Fill in the blanks to rank books by their ratings using the dense method in descending order. May the cosmos guide you!

```py
import pandas as pd

# Sample data representing a library with books and their ratings
data = {
    'book': ['Book A', 'Book B', 'Book C', 'Book D'],
    'rating': [4.7, 4.5, 4.9, 4.5]
}
library = pd.DataFrame(data)

# TODO: Rank books by their rating using an appropriate ranking method
print(library)

```

To rank the books by their ratings using the "dense" method in descending order, you'll need to use the `rank()` method from Pandas. Here's how to fill in the blanks in your code to accomplish this:

```python
import pandas as pd

# Sample data representing a library with books and their ratings
data = {
    'book': ['Book A', 'Book B', 'Book C', 'Book D'],
    'rating': [4.7, 4.5, 4.9, 4.5]
}
library = pd.DataFrame(data)

# Rank books by their rating using the 'dense' method in descending order
library['rating_rank'] = library['rating'].rank(method='dense', ascending=False)

print(library)
```

### Explanation:
- **`rank(method='dense', ascending=False)`**: This line ranks the books based on their ratings. The `dense` method means that the ranks will be consecutive integers, and no rank will be skipped even if there are ties. Setting `ascending=False` ensures that higher ratings get lower rank numbers (i.e., a higher rating gets a rank closer to 1).
- **Output**: The DataFrame will now include a new column `rating_rank` that shows the rank of each book based on its rating, with the best-rated book receiving the highest rank (or the smallest number if `ascending=False`).

This approach effectively prioritizes books with higher ratings and handles ties by assigning them the same rank, with the next rank number being incremented without gaps.

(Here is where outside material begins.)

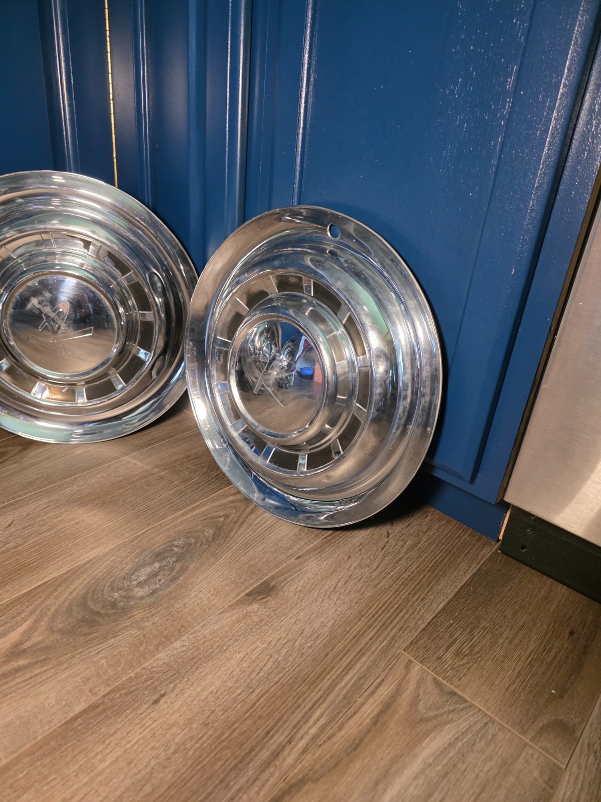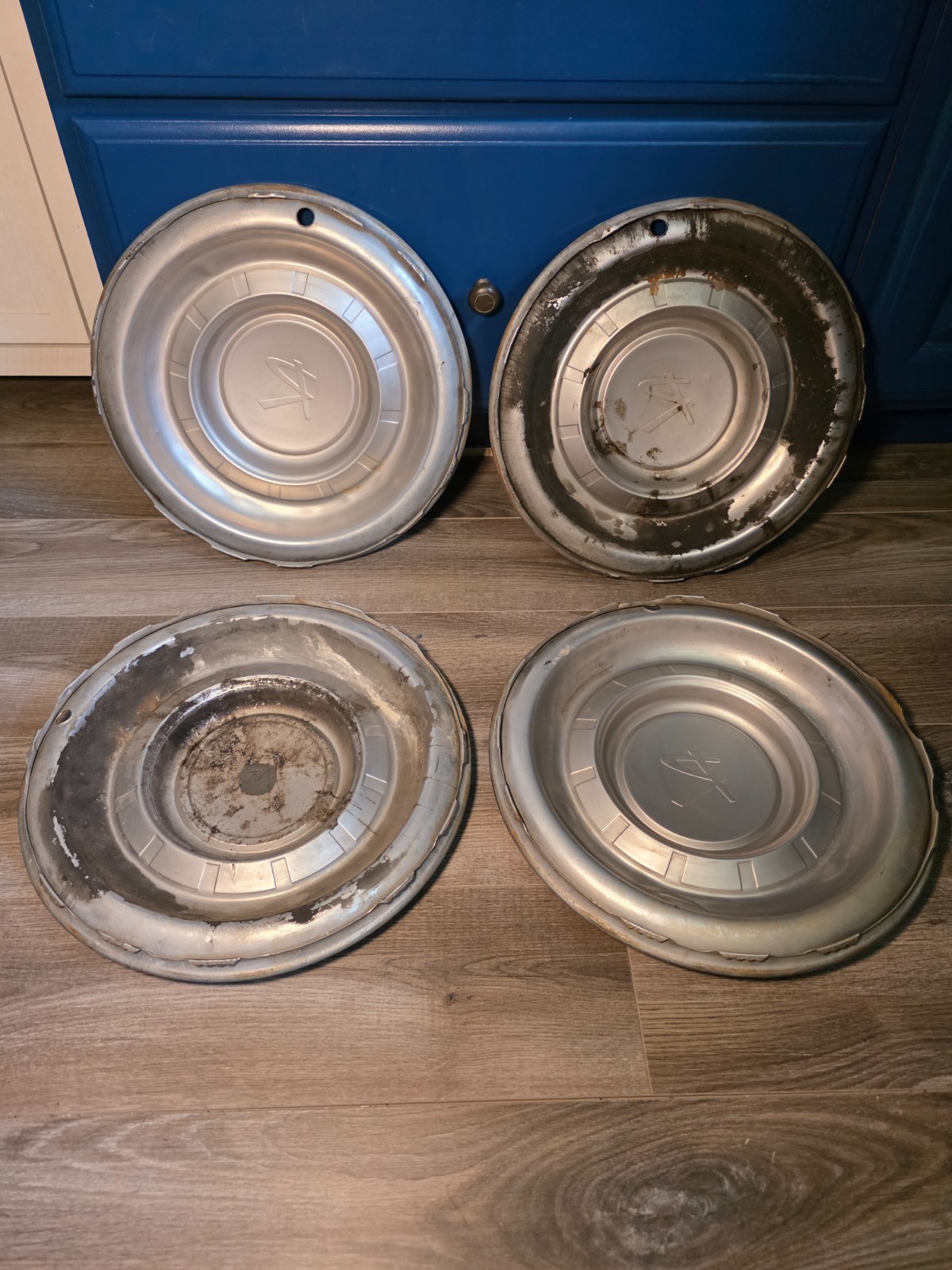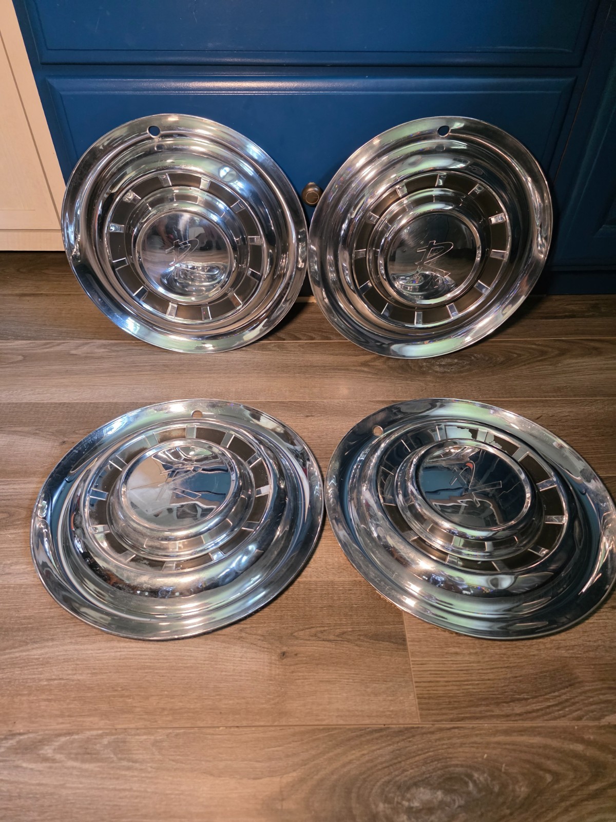 Complete set of four (4) original 15” hubcaps for 1963–1965 Rambler and Nash vehicles. These authentic AMC OEM wheel covers feature the classic brushed stainless steel finish with the raised center and iconic “R” logo or model-specific detailing (varies slightly by year/model). Designed for 15” steel wheels, they are perfect for restoring your vintage Rambler with period-correct style. Great for classic car collectors, restorers, or anyone who appreciates early AMC design. Great for "gear-head" decor!!

## Sorting Library Books by Pages

Keep going, Stellar Navigator! Sort the books in the library by the number of pages. Fill in the missing pieces to make the code work.

```py
import pandas as pd

# Library books data
data = {
    'title': ['Zorba the Greek', '1984', 'The Catcher in the Rye', 'To Kill a Mockingbird'],
    'pages': [330, 328, 277, 281]
}
books = pd.DataFrame(data)

# TODO: Sort the books by the number of pages in ascending order
print(books_sorted)
```

It seems like you have initialized the DataFrame `books` but you haven't yet sorted it by the number of pages in ascending order, nor have you defined `books_sorted`. Let's correct that by adding the necessary sorting operation before printing the sorted DataFrame. Here's the corrected code:

```python
import pandas as pd

# Library books data
data = {
    'title': ['Zorba the Greek', '1984', 'The Catcher in the Rye', 'To Kill a Mockingbird'],
    'pages': [330, 328, 277, 281]
}
books = pd.DataFrame(data)

# Sort the books by the number of pages in ascending order
books_sorted = books.sort_values(by='pages', ascending=True)

# Print the sorted DataFrame
print(books_sorted)
```

This code will now correctly display the books sorted by the number of pages in ascending order, from the fewest to the most pages.